Six months before the New Hampshire presidential primary, John Toole interviews voters shopping in Londonderry to get their take on the Republican candidates.
Who is Romney? ”I think he’s a Democrat. He was governor of, was it Massachusetts? And he ran in the last election,” said Aaron Starkman of Londonderry.
Who is Gingrich? ”He’s a Massachusetts political figure,” said Maureen Glasier of Derry.
Who is Bachmann? ”She is crazy. But that’s all I know,” said Cindy Walker of Derry.
Who is Huntsman? Nobody knew.
Who is Pawlenty? ”Governor of Illinois or something like that,” Glasier said.
His conclusion? It’s early.
Matt Bai makes the case for a moderate Republican, specifically Jon Huntsman, having a real shot at winning the New Hampshire presidential primary.
[T]he presidential primary electorate will be very different from the 2010 primaries for House and Senate. … In New Hampshire, where Tea Party types overran the state Legislature and wrested control of the state party last year, turnout in the 2010 primaries was under 20 percent, as it usually is.
The turnout in next year’s presidential primary, on the other hand, will probably reach 60 percent. That means the influence of the most conservative, most motivated activists will almost certainly be diluted.
[I]n the last two contested Republican primary seasons, independents in “open states” like New Hampshire split their votes between Republicans and Democrats. But this year, all of them will be voting for a Republican.
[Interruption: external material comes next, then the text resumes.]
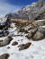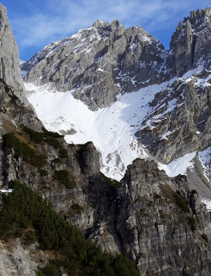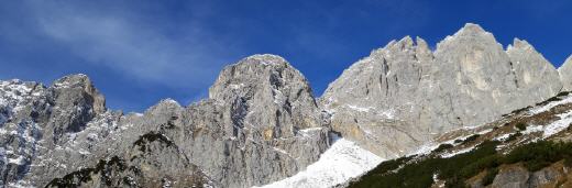 Ein paar Meter gehe ich dann noch weiter, dorthin, wo die Drahtseilversicherung beginnt, versuche der Linie zu folgen, mit dem hübschen Namen Jubiläumssteig. Denke an die Trailrunner, die beim Wettkampf um die Kaiserkrone hier laufen, auch ohne sich groß festzuhalten. Denke auch mein Mantra: Genuss statt Gehetze. Und dass Trailrunning auch ohne Klettern Sinn macht. Allerdings war ich neugierig und wollte mir das Klamml von der Nähe ansehen. Es verbindet - wie der Jubiläumssteig auch - die Gruttenhütte (1619m) mit der tiefer gelegenen Gaudeamushütte (1263m), und ist nur einen Katzensprung von ersterer entfernt. Ein paar Trittspuren im Schnee führten zwar zum Ausstieg oben, ein Risiko aber wollte ich nicht eingehen.

Mitt Romney continues to maintain his front-runner position in the New Hampshire GOP presidential primary in a new survey from Magellan Strategies. 42% of those surveyed say if the election were held today, they would vote for Romney. His closest competitors are Ron Paul and Michele Bachmann with 10% each.
Compared to an earlier survey from Magellan, Romney has about the same level of support as he had at the beginning of the year. Michelle Bachmann, who was not included in the January poll, has gained the most, while support for Palin and Gingrich has dropped significantly.
Mitt Romney: 42% (January 2011: 39%)
Ron Paul: 10% (7%)
Michele Bachmann: 10% (n/a)
Sarah Palin 7% (16%)
Rudy Giuliani 6% (n/a)
Tim Pawlenty: 5% (4%)
Herman Cain: 4% (n/a)
Newt Gingrich: 3% (8%)
Jon Huntsman: 3% (n/a)
Rick Santorum: 2% (3%)
A finding that could play a a significant role in the primary results is that just 63% of these likely voters self-identify as conservative on most issues. 32% identify themselves as moderate and 4% liberal. 72% of the Republicans said they are conservative compared to just 39% of Independents. Undeclared voters, those who are not registered as Republicans or Democrats, are eligible to vote in the GOP primary.
The survey results are based on an autodial survey of 727 likely Republican primary voters and undeclared voters likely to vote in the 2012 Republican Presidential primary. The interviews were conducted June 14-15, 2011. This survey has a margin of error of +/‐ 3.63% at the 95 percent confidence interval.